The following video clip and its youtube.com sequels (totaling 9 short clips) records the entire Court hearing litigating the Recall Petition for Jay Hupp’s removal from the office of Port of Shelton Commissioner for malfeasance and misfeasance. The entire petition and attached exhibits can be found elsewhere on this Blog.
11-12-10 Jay Hupp Recall Hearing 1/9
As an active paralegal, I do question the wording of the Recall Petition, which visiting presiding Judge Pomeroy found defective/insufficient. I’m not convinced all the attachments seeking to ‘prove’/support the allegations were necessary or even helpful from the petitioners’ perspective.
My personal view is too much attention was focused in court on attempting to prove the allegations instead of selecting allegations that were sufficient in and of themselves. e.g. In a civil suit (or even a criminal charge), the merits are heard if/when the case goes to trial, i.e. a jury or fact finding body.

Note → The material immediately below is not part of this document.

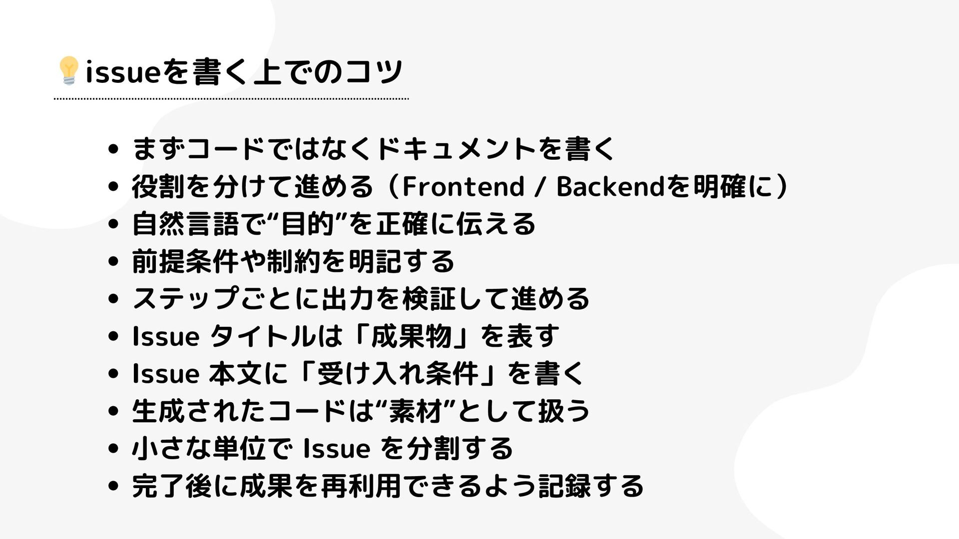 Issue 本文に「受け入れ条件」を書く 生成されたコードは“素材”として扱う 小さな単位で Issue を分割する 完了後に成果を再利用できるよう記録する
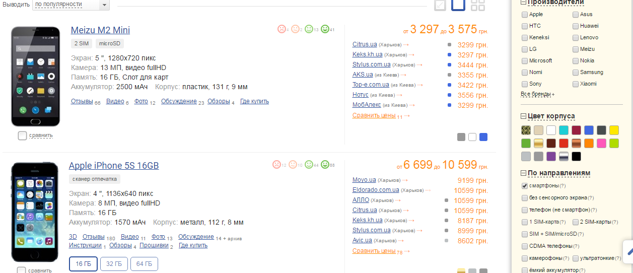А поэтому, всем, кто задумывается сменить стандартный мобильник на ваш персональный мини-компьютер в кармане рекомендуем каталог смартфонов от сайта e-katalog. здесь представлен полный ассортимент смартфонов от всех ведущих производителей. Причем, сайт сделан в форме сервиса для сравнения цен, где можно не только ознакомиться с техническими характеристиками выбранного гаджета, но и сразу же увидеть, кто почем его предлагает в вашем городе. Есть функция для сравнения характеристик разных моделей. И конечно же фильтры для отсеивания по бренду, цвету, типу, диагонали экрана, операционной системе, объему встроенной памяти и так далее.

In a recall, the Court determines if the allegations/charges are legally and factually sufficient without determining the truth of them. The voters ultimately serve as the fact finding body. Thus, if it were alleged Jay Hupp had taken bribes as a public official, no evidence substantiating it (I believe) would be necessary in the preliminary phase…only whether the allegation in and of itself was legally and factually sufficient to show malfeasance/misfeasance or breach of Oath of Office other than a sworn affidavit the affiant KNEW the allegation(s) were true.
Receiving e-mail, for instance, doesn’t rise to that prima facia threshold level as such receipt doesn’t constitute a voluntary or ‘willful’ (a necessary component of malfeasance/misfeasance is ‘intent’ according to Judge Pomeroy) act. But (hypothetically speaking) taking bribes DOES! I don’t know that irrefutable ‘proof’ of bribe taking would be required as part of a recall petition in such a scenario. A sworn statement under penalty of perjury a declarant submitted of KNOWLEDGE including a specific time, date, and place of where it had occurred would suffice. The weighing of the probity of such argument or evidence would be left to the voters’ determination much as proof of damages or other details (often obtained in the discovery phase) are left to jurors in the trial phase in a civil proceeding.
Thus, I feel the petitioners erred in attempting to try the case before the judge instead of the voters and bringing counsel aboard too late in the process. e.g. Conspiring, aiding, and abetting chemical trespass and poisoning the public strikes me as a less convoluted more easily understood charge. There’s some case law suggesting the victims of the imminent harm need not wait until after the injury to seek relief…or a mushroom cloud before they react. In any event, more attention needs to be paid to the drafting phase of a recall petition. (Note: Old Russian Proverb–if you’re going to gouge the bear’s eye with a stick, make sure the stick is longer than the bear’s arm.)